The future of American health insurance, South African style — Patients bleed hospitals dry
Hospitals in Limpopo are owed about R146m by patients whose medical aid companies haven’t settled their bills and those who lied about being poor. Limpopo has 43 state hospitals that provide private wards for financially well-off patients who prefer to use their own doctors, instead of state doctors.Provincial health spokesperson Phuthi Seloba said on Tuesday that the department was seeking tenders from debt collection companies to collect the outstanding money, starting in March.
On the other hand, we know it’s a future that’s already here.
Categories: Uncategorized
I had a lengthy post on TPM café last week about HSAs, which (thanks very much) I notice you linked to.
Although my surgical practice is a “pay cash for service” affair for the most part, insurance billing of some sort forms maybe 25% of our income. Collection lag is perhaps two months with the insurance cases, and that’s with everything negotiated before the scalpels come out. Our private patients generally have a three week collection lag on average. So from my experience, the private patients pay faster.
However, this is elective surgery. It’s totally atypical. About the only use for HSAs in my patient care plan is for the minority of insurance-compatible cases where we can set up a quick “Drop conventional coverage – start HSA – deposit surgical fee – get surgery – pay fees from HSA – resume conventional coverage.” scheme. Given the income level of my typical patient, this allows them to pocket a nice tax break.

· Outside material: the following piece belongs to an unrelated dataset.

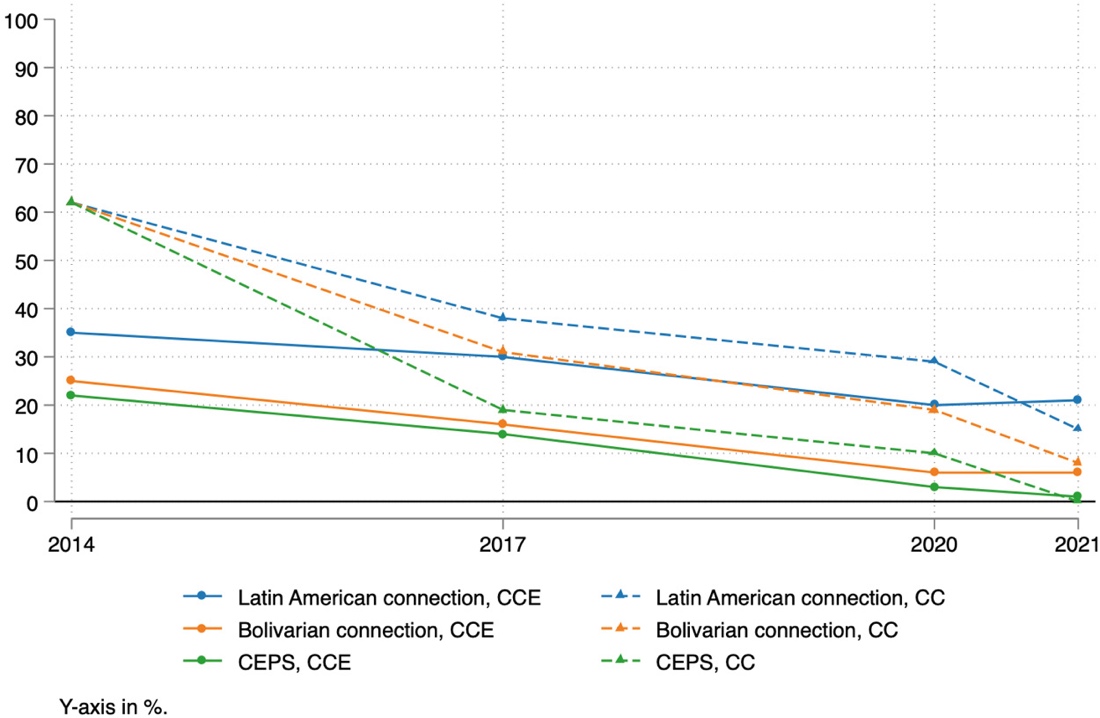 | Bolivarian connection (%) | 62 | 31 | 19 | 8 | |

So doctors can do the same sort of thing that Rob Greiner quotes above.
Those monkeys with PHDs at the NCPA say that the tax free MSA was started in South Africa and the MSA Original Pilot Test of tax free accounts did not really happen in America and I don’t really exist. Darn Dr. Devon Monkey of the NCPA. No FICA tax on Employer HSA deposits. Even if the employee saves their own money in an HSA it can be arranged that the employer saves all payroll taxes. This may be an 18% savings for the employer. Princetonian Rwe Rhinehart says, “Oh no, Walmart will save a fortune if they get their employees to maximise their savings. Shoot, if Walmart employees save $100 million in ther HSAs Walmart will saves tens of millions of dollars. It’s bad when employers and employees bind together and cut the IRS out. It’s like stealing from the government.”
To be honest Trapier, this was a real quick shot–and I’m not even certain that medical aid compnies are the same as HSA companies, but I think so.
But there has been several articles here, on Ezra’s blog and elsewhere about the problems of HSAs in Singapore and South Africa.
I am not seeing the connection to American HSAs.
It may be convenient to point out 1) a problem with S. African healthcare and 2) that S. Africa uses HSA-type insurance. But can you really then claim there is obviously a problem with HSAs in America?
This is not disimilar from the assasignation by association going on at TPMCafe’s Drug Bill Debactle: “The defunct Medicare Part D policy came from the 2003 Medicare Modernization Act…HSAs came from the Medicare Modernization Act…therefore, obviously, HSAs are a defunct policy.”
I’d expect you to be too sophisticated to buy into that style. Hopefully your readers are at least.
The above link probably does highlight a potetial fault in HSAs. Flesh it out for us.